Get your API key at attentionlabs.ai.

You need your API key for this project to work

Install

pip install attenlabs-saa

Requires Python 3.10+. sounddevice and opencv-python are pulled in automatically for mic and camera access.

Quickstart

import time
from saa import AttentionClient

client = AttentionClient(token="your-token")

@client.on_prediction
def _(event):
    label = {0: "silent", 1: "human", 2: "device"}.get(event.cls, "?")
    print(f"{label}  {event.confidence:.0%}  faces={event.num_faces}  src={event.source}")

@client.on_turn_ready
def _(turn):
    # turn.audio_base64, base64 PCM16 @ 16 kHz mono, ready for OpenAI Realtime / any LLM
    # turn.audio_pcm16, same audio as np.int16 array
    print(f"turn ready ({turn.duration_sec:.2f}s)")

@client.on_error
def _(event):
    print(f"ERROR: {event.title}: {event.message}")

client.start()
try:
    while True:
        time.sleep(0.1)
except KeyboardInterrupt:
    client.stop()

Run client.start() and you'll see live silent / human / device predictions stream from your own mic in seconds — all you need is your API key (the token= argument above). A full CLI demo wiring SAA + OpenAI Realtime lives at saa-py-demo.

API

`AttentionClient`

from saa import AttentionClient, CameraConfig, MicConfig

client = AttentionClient(
    token="...",                    # API key, sent as WS subprotocol
    url=None,                      # Server URL (default: https://broker.attentionlabs.ai)
    video=CameraConfig(),          # Webcam config
    audio=MicConfig(),             # Mic config
    initial_threshold=0.7,         # Device-class confidence threshold (0..1)
    enable_audio=True,             # Set False to skip mic capture
    enable_video=True,             # Set False to skip webcam capture
    server_profile=None,           # Override server profile; auto "audio_only" when enable_video=False
    auto_reconnect=True,           # Auto-reconnect with backoff after a retriable drop
)

Configuration

`MicConfig`

field	type	default	notes
`device`	`int \| str \| None`	`None`	Device index, name, or `None` for system default
`channels`	`int`	`1`	Number of input channels

`CameraConfig`

field	type	default	notes
`device_index`	`int`	`0`	Webcam device index
`width`	`int`	`1920`	Capture width
`height`	`int`	`1080`	Capture height
`jpeg_quality`	`int`	`50`	JPEG compression quality 0-100

Methods

method	description
`start()`	Probes the camera, opens the WebSocket, acquires mic + camera, starts capture threads. Non-blocking. Raises on handshake failure.
`stop()`	Tears down capture, joins threads, closes WebSocket.
`mute()`	Signals the server to stop feeding your speech to the turn/VAD pipeline
`unmute()`	Resumes server-side turn/VAD processing.
`mark_responding(bool)`	Tell the server an LLM response is in flight. Server stops emitting predictions while `True`.
`set_threshold(value: float)`	Update device-class confidence threshold (0..1). Server acks via `config` event.
`feed_audio(audio, *, sample_rate=16000)`	Stream audio captured by another stack instead of the SDK's own mic. Requires `enable_audio=False`. See Feeding external audio and video.
`feed_video(frame)`	Push an externally-captured frame instead of the SDK's own camera. Requires `enable_video=False`. Accepts pre-encoded JPEG `bytes` or a raw `np.ndarray` (BGR, JPEG-encoded internally). See Feeding external audio and video.

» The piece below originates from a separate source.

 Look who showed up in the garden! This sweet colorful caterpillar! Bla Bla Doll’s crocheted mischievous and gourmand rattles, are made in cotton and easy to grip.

When enable_video=True but the camera can't be opened (missing device, or one held by another app), start() continues audio-only if enable_audio=True. The original enable_video request is restored on the next start(), so a later session retries video.

Feeding external audio and video

When another stack already owns the microphone, an ElevenLabs / OpenAI Realtime AudioInterface tap, a Twilio media stream, a game engine, construct the client with enable_audio=False and push frames in with feed_audio() instead of letting the SDK open its own mic:

client = AttentionClient(token="...", enable_audio=False, enable_video=False)
client.start()                       # opens the WebSocket; captures nothing itself

# in your existing audio callback (any chunk size, mono):
client.feed_audio(pcm_chunk)         # bytes (int16 LE), np.int16, or np.float32 [-1, 1]

feed_audio accepts arbitrary chunk sizes and re-chunks internally to the wire's 100 ms blocks; pass sample_rate= if your audio isn't already 16 kHz and it'll resample. Calling it while enable_audio=True raises (that would double the audio source). A runnable ElevenLabs Conversational AI example lives in saa-sdk/examples/elevenlabs.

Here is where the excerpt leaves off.